When the men were taken in 2011, their kidnappers telephoned the 
BBC Hausa service and told them they were looking for money and that they had picked the 
Europeans simply because they were valuable. Boko Haram’s spokesman, “Abu Qaqa,” has 
also denied the group participated in the kidnapping. He told journalists that the group had 
never taken foreigners hostage or asked for ransoms. A journalist at the BBC Hausa service  11
told this author, “Boko Haram are all about killing people and robbing banks, not kidnapping. They have decided that it is too much trouble.”




Indeed, there is another possibility. In 2011 there was a spate of kidnappings in Mali and 
Niger. In January two French citizens were kidnapped in Niamey and were later killed as the 
kidnappers fought with security services. In November a group of tourists were kidnapped 
from their hotel in the Malian town of Timbuktu, and in December two geologists were seized 
from their hotel in Hombori, also in Mali. These kidnappings follow the January 2009 kidnapping of a group of tourists in Gao, Mali. 

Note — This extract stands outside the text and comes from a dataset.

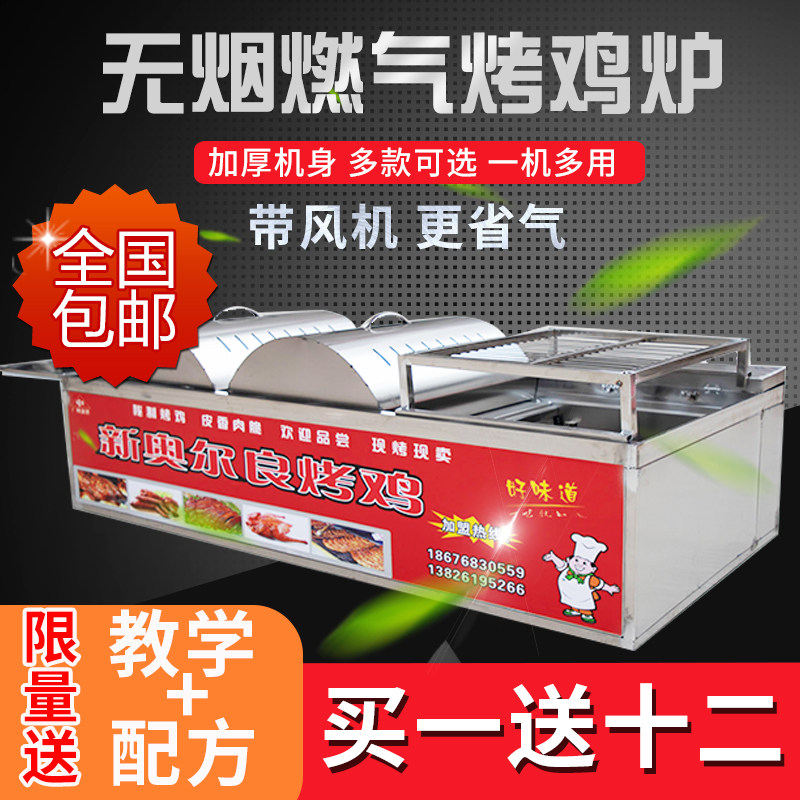Gas smoke-free roast chicken stove Automatic rotary barbecue car Orleans roast chicken legs and wings Environmental protection commercial natural gas stove

The European governments of most of the hostages 
allegedly paid ransoms for the return of their citizens, all except the UK government. Edwin 
Dwyer, the only British member of the tourist group, was murdered later that year.
In all of these cases it is believed that the victims were taken by criminal gangs to be 
sold to al-Qaeda in the Islamic Maghreb in Algeria. It is a strong possibility that this is what 
happened to Chris McManus and Franco Lamolinara. The fact that they were still in Nigeria 
almost a year after their capture might indicate that the group might have failed to sell 
its captives and that al-Qaeda in the Islamic Maghreb does not have as wide a reach as 
sometimes claimed. 




The Prospects of Negotiation with Boko Haram
It is difficult to see how there can be meaningful dialogue between the government and 
Boko Haram. In March 2012, as this report is being written, a fresh attempt at negotiating 
a cease-fire from the organization has failed.




There have been overtures toward negotiation in the past that seemed to come from 
within Boko Haram. In early 2011 a member of the group claiming to be a spokesman called 
the BBC Hausa service. He said that if the government was to give back the group’s mosques 
in Maiduguri and Bauchi and allow its members to worship in peace, the group would give 
up its arms. 




Shortly afterward the author and a colleague spoke with “Abu Dujana,” and he 
was very insistent that message did not emanate from the core of the group. After more 
inquiries by the author’s colleague, he concluded that there had been an internal purge 
of the group’s more moderate members. In a later telephone call, Abu Dujana stated that 
“internal divisions have been eliminated.” The author and his colleague took this to mean 
that the dissenting members had been killed. 




In September 2011 the democracy activist Shehu Sani attempted to broker exploratory 
talks between the former president Olusegun Obasanjo and Mohammed Yusuf’s brother-inlaw, Babakura Fugu. Soon after the meeting, gunmen stormed into Fugu’s house—while he 
was on the telephone to a New York–based Nigerian journalist—and shot him dead. Boko 
Haram denied the killing, and the assassins have not been identified. 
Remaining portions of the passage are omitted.